Now, Lexus may sell more in the Middle East than North America (by revenue if not units) but America was 100% the target market.
(On the other hand my 2017 Subaru Forester does not do the same; thankfully it has less of a tendency to roll backwards when releasing the brake on a steep hill.)
But that doesn't apply when the car is already in gear and in motion. In both an auto and a manual, if you're applying enough brake to prevent the car from accelerating, the engine will never be "revving" to fight your braking. It will only increase speed if your drivetrain speed increases.
I didn't explicitly state it in the above post because I don't want to crap on the parent too much, but the if he was hitting a pedal and the engine was "revving"... he was probably hitting the gas and accelerating.
...Or the car was actuating the throttle as if he was hitting the gas, a.k.a. unintended acceleration.
I see a lot of people like you in this thread and elsewhere dismissing unintended acceleration experiences.
Before you continue to do so, I would urge you to read the NASA report on the Toyota unintended acceleration case and related documents (https://www.nhtsa.gov/staticfiles/nvs/pdf/NASA-UA_report.pdf, https://users.ece.cmu.edu/~koopman/pubs/koopman14_toyota_ua_..., and the link in the top level comment, https://www.edn.com/design/automotive/4423428/Toyota-s-kille...).

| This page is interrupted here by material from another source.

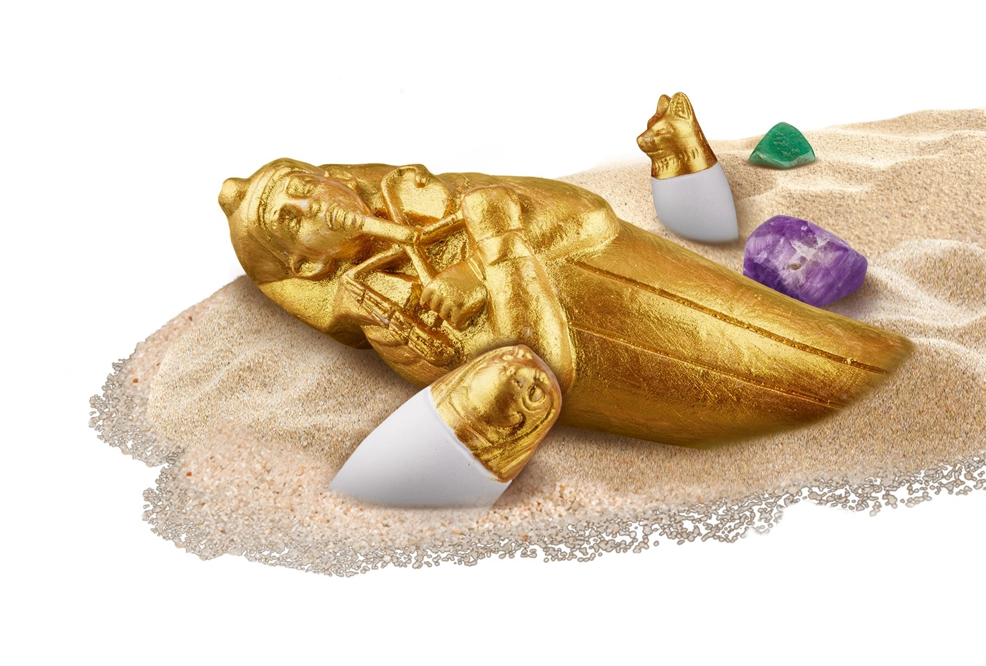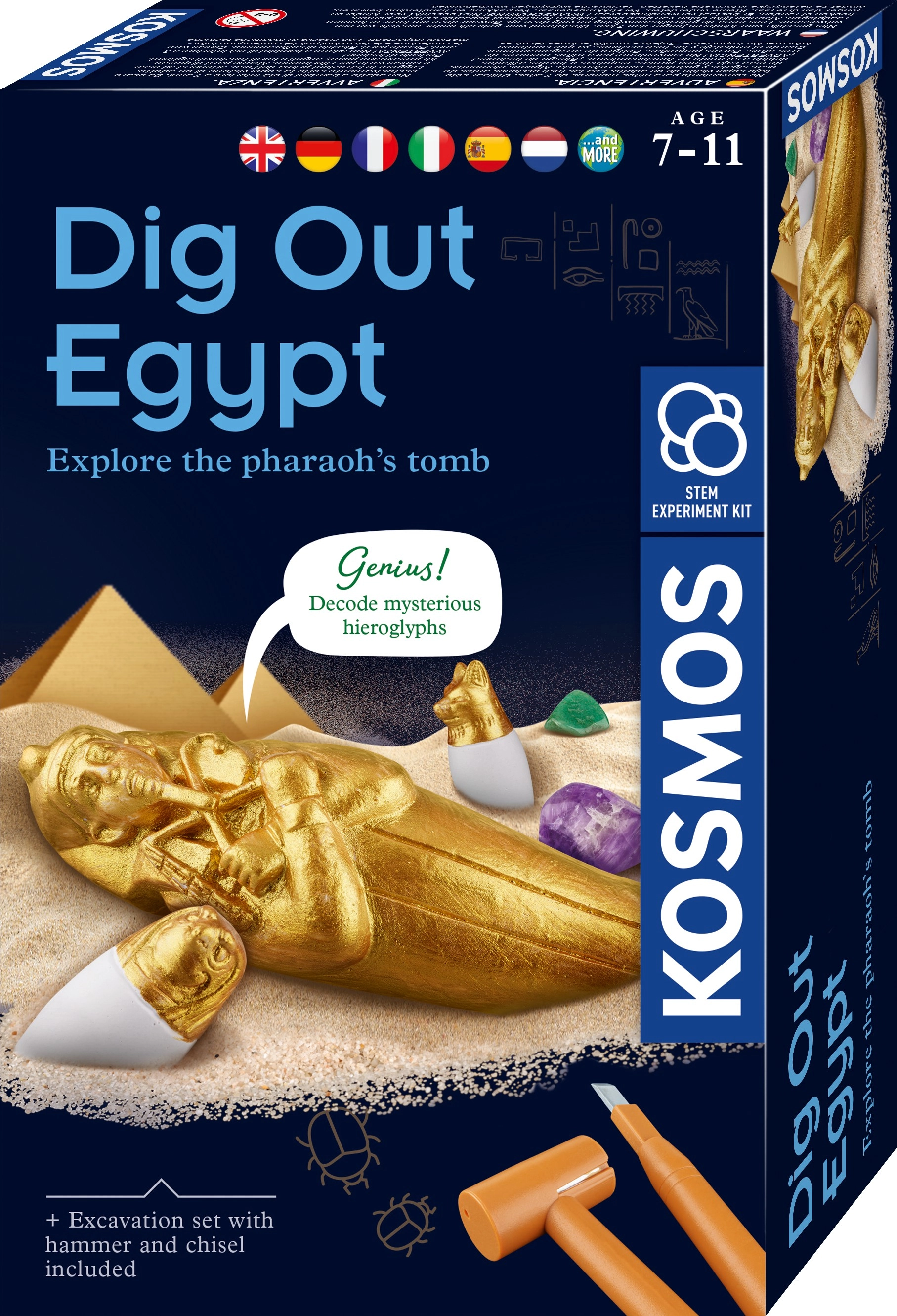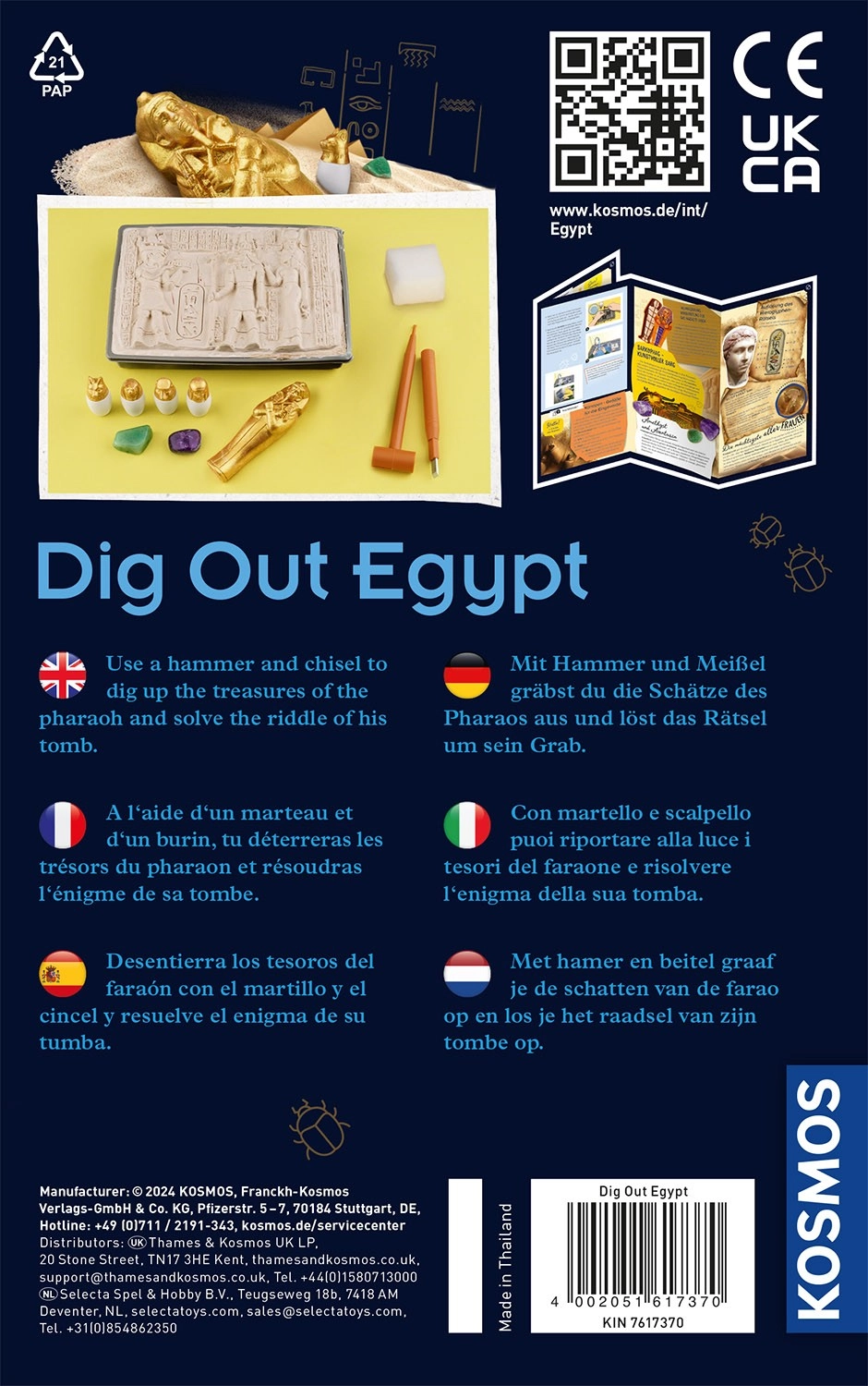 Mit dem Archäologie-Set Kosmos Ägyptische Ausgrabungen werden Ihre Kinder zu kleinen Archäologen. Mit Meißel und Hammer legen sie Schritt für Schritt die im Gips verborgenen Schätze frei und lernen dabei viel Spannendes über das Alte Ägypten. Die praktische, bebilderte Anleitung ist auf Englisch verfügbar und liegt mit deutscher Übersetzung bei; außerdem können Sie die deutsche Anleitung bequem per QR-Code herunterladen.

It lays out a damning indictment of Toyota's ECU hardware and firmware development culture, that flies directly counter to the happy picture promoted by the "Toyota Way" PR. Toyota never acknowledged the mistakes they made - instead they quietly sacked the head of that division and then most of the staff, and rebuilt it from the ground up. Today's Toyota ECUs appear to be designed quite differently.